The receptionist gives him what is possibly the most loathing stare of all time. "Just take a seat, sir."

"Will do." Hi flashes her a toothy grin and strides over to the magazine rack. "Oh wow, Raw Denim Weekly. Exactly the kind of thing I want to read on a weekly basis." He thumbs through the rack some more. "Ooh, Pocket Watch Monthly. Definitely the most useful thing I'll read this month." He pauses. "Cosmopolitan! Lucky me!"

"You know, you don't have to be as loud as your shirt," Chance comments, irritated. The other people in the waiting room are beginning to stare at them in a mixture of anger and incredulity.

"Rude!" Hi flops down into one of the cheap plastic chairs. "And I was just finding the right magazine - wait, what's wrong with my shirt?"

"Nothing," Chance smirks. "It suits your personality."

Hi frowns. "I'll take that as a compliment," he says smoothly.

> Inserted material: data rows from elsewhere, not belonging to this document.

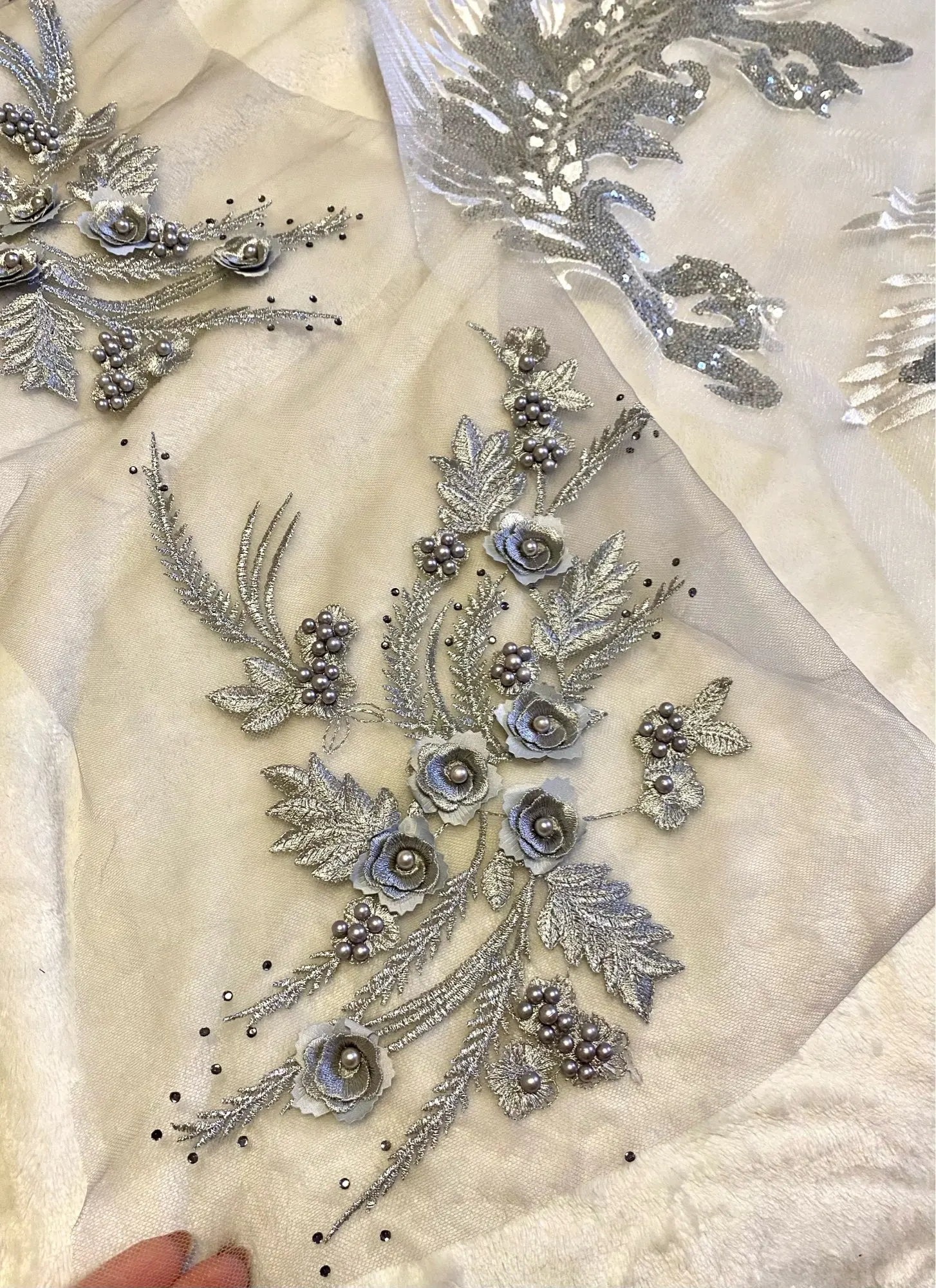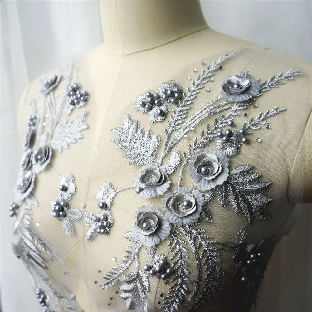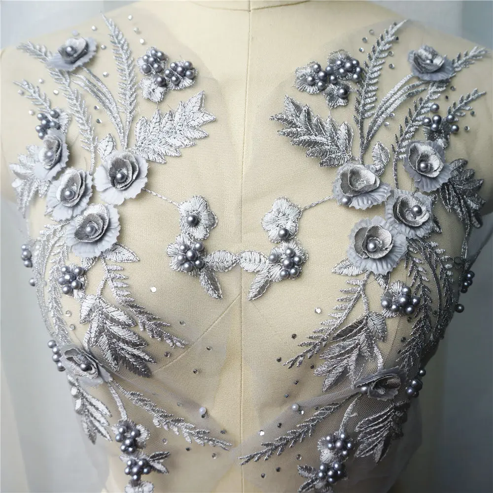 2 шт., серая кружевная ткань, 3D Цветочные бусины с кисточками, вышитые блестящие нашивки для платья, украшение сделай сам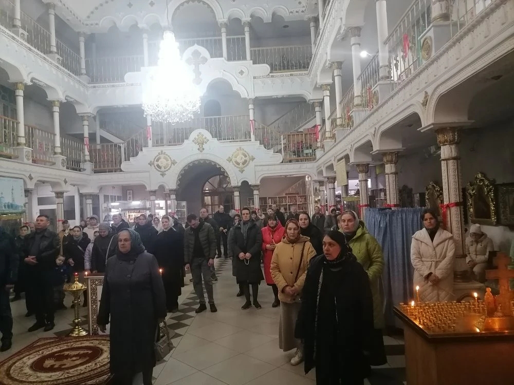 По традиции Великая вечерня, в воспоминание страданий Спасителя, снятия с креста тела Христова и погребения Его совершается раньше обычного – в час крестной смерти Господа Иисуса Христа. По выносе Плащаницы был прочитан канон «на Распятие Господне и на плач Пресвятой Богородицы».
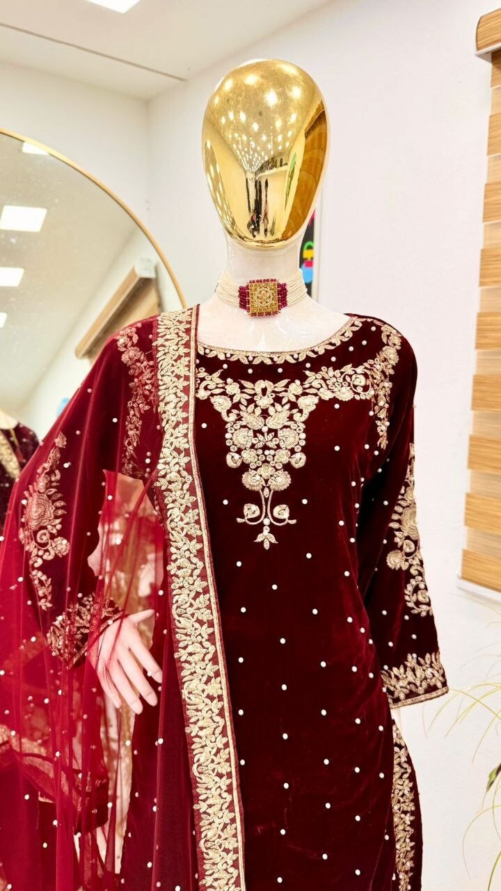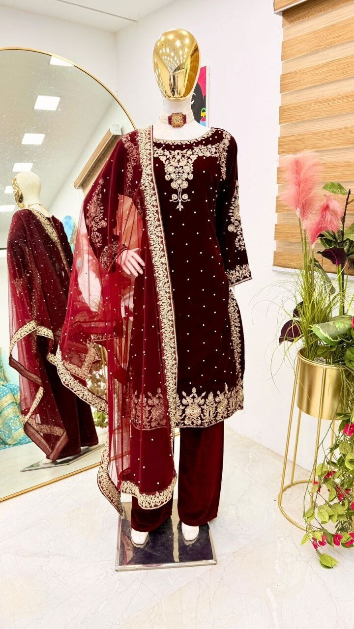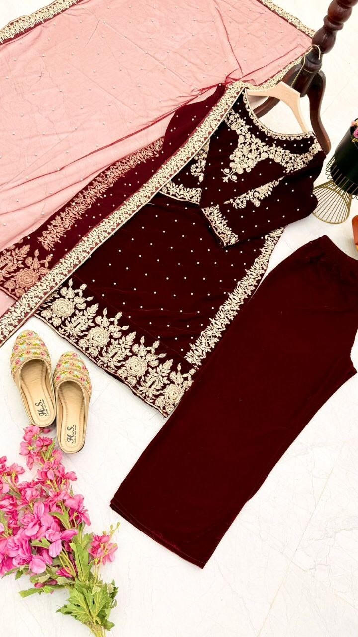 Maroon Velvet Kurti Pant Dupatta Wedding Ready Style Designer 3Pc Kurti Pant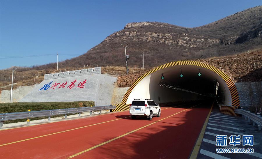 12月16日,一輛汽車行駛在京秦高速公路二期工程河北玉田境內的鳳凰頂隧道路段(無人機拍攝)。

One by one, people begin to filter out of the waiting room, taken away to be examined by various doctors and nurses. Chance only has a broken nose, and is thusly at the bottom of the waiting list. Not that he minds - it's a chance to ask some questions he's been wanting clear answers to for a while now.

"So," he begins, thumbing idly through a magazine as the last person leaves the waiting room. "You seem to be taking the news rather well."

"What news?"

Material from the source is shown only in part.